— Это не прогулка, господин следователь!
— Не будем спорить. Может быть, это подвиг. Да-а, все очень живо представлено. А оканчивается статья прямо-таки поэтично.
И следователь нараспев прочел последние строки статьи:
— «Царственный Казбек молча провожал нас, как бы сожалея, что он не поведал нам всего таящегося в холодной глубине льдов и снега и мрачных ущелиях, куда едва проникает луч солнца…»
Дочитав это, следователь воскликнул:
— Красиво! Ничего не скажешь! Я знаю, недавно вы снова поднимались на здешние вершины. Так?
— Да, поднимался.
— Опять на Казбеке побывали?
— Да… Побывал.
— Потом и на Эльбрус, говорят, ходили?
— Но почему — «говорят»? Я описал и то и другое в газете, — сказал арестованный.

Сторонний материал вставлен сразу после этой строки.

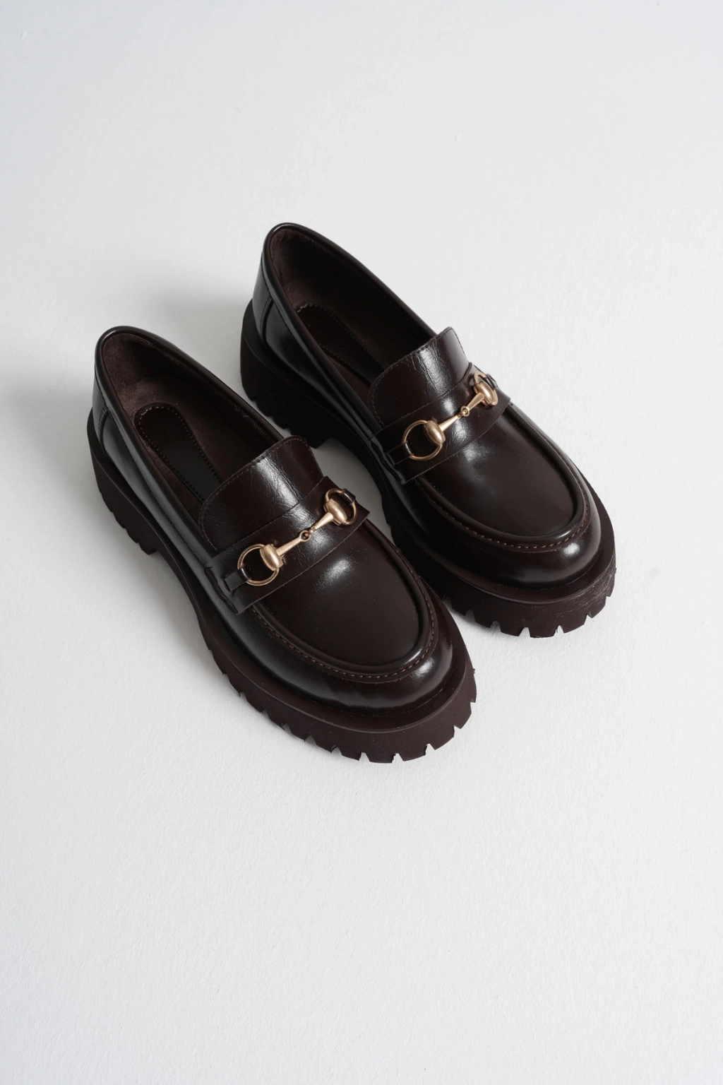 Kadın Günlük Rahat Tokalı Loafer Kahverengi

— Да, так, — кивнул следователь. — Это установлено. Эти ваши писания тоже у меня тут, в пачке. Вот! Отлично рассказано, я бы даже отметил — весьма поэтично. Казбек, Эльбрус как на ладони. Хвалю, хвалю! Ничего на сей счет не имею. С такой вашей романтикой еще можно мириться. Альпинизм не угроза государству. Хуже другое!
Арестованный настороженно посмотрел на следователя. Тот зачем-то оглянулся на дверь и понизил голос:
— Вот что плохо, молодой человек, куда опаснее всяких восхождений на вершины: в некоторых статьях вы даете почувствовать, что многочисленные народности России, и, в частности, Терека, вправе быть недовольными своим положением. Они, мол, угнетены, бесправны и прочее. Напрасно вы позволяете себе такое писать и печатать. Это нельзя-с!

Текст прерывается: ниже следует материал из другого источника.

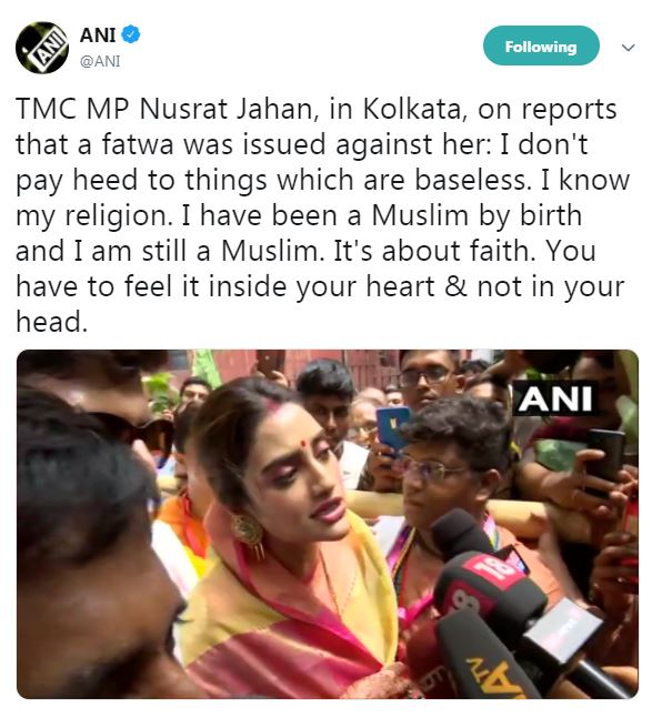 नई दिल्ली,एएनआइ। इन दिनों टीएमसी सांसद नुसरत जहां अपनी शादी को लेकर सुर्खियों में छाई हुई हैं। उनके मुस्लिम होने के बाद भी मांग में सिंदूर और मंगलसूत्र पहनने पर सवाल खड़े किए जा रहे हैं। उनके खिलाफ फतवा भी जारी किया गया है। जारी हुए फतवे पर नुसरत जहां ने कहा कि मैं इस तरह की बातों पर ध्यान नहीं देती हूं जो निराधार हैं। मुझे मेरे धर्म पता है। मैं जन्म से मुस्लिम हूं और हमेशा रहूंगी।

Подойдя к двери, следователь выглянул в коридор и вернулся на свое место.
— Конечно, — продолжал он, — известная правда тут есть, признаю. Но хочется у вас спросить: представляете ли вы себе всю опасность, которая нам с вами грозит? Да, да, нам с вами, не удивляйтесь! Поверьте, я сам в молодости был человеком с идеалами и сейчас говорю с вами не как следователь, а как русский своему собрату: не играйте в революцию, она обернется прежде всего против вас самих! Живем мы с вами здесь как на вулкане. Горцы ненавидят нас страшной ненавистью, и не дай бог, если бы вдруг началась великая смута, скажем, революция или что-нибудь в этом роде! Получив волю, они такое натворят, что это будет во сто крат ужаснее варфоломеевской ночи!

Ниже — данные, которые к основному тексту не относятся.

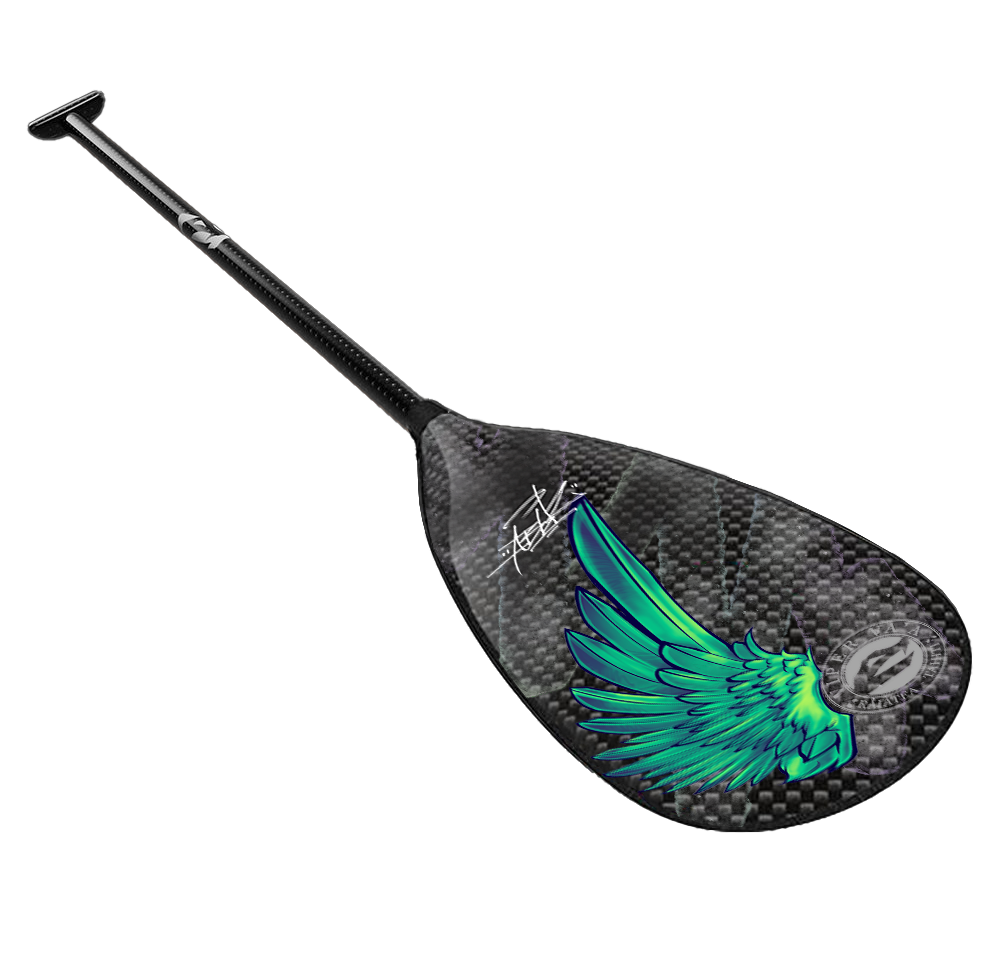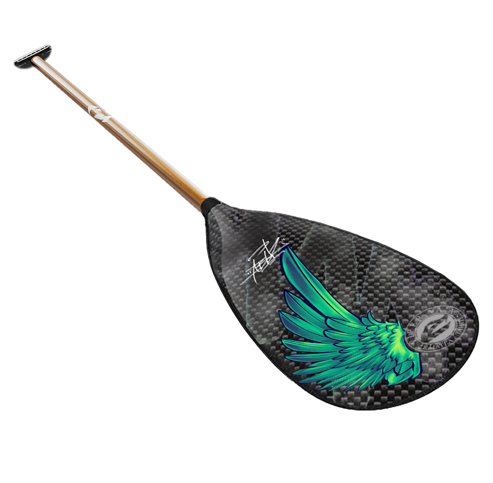 The blade is constructed from high-performance multiaxial carbon fiber and paired with your choice of a carbon or bamboo shaft. The bamboo shaft is slightly heavier than its carbon counterpart but offers superior impact resistance. Both options are stiff, durable, and built to perform in the toughest racing environments.

В сравнении с тем, о чем сейчас говорил следователь, весь предыдущий разговор не стоил ломаного гроша. Дело про обвал на Аполлинариевской улице в Томске казалось самому следователю глупым, в сущности, никому не нужным, им приходилось заниматься лишь в силу косных требований полицейского распорядка: тут мертвая бумага держит за горло живого.
А Терек, буйный, многоплеменный, с неприкрытой враждой между казачеством и горцами, — это сегодняшнее, волнующее всех.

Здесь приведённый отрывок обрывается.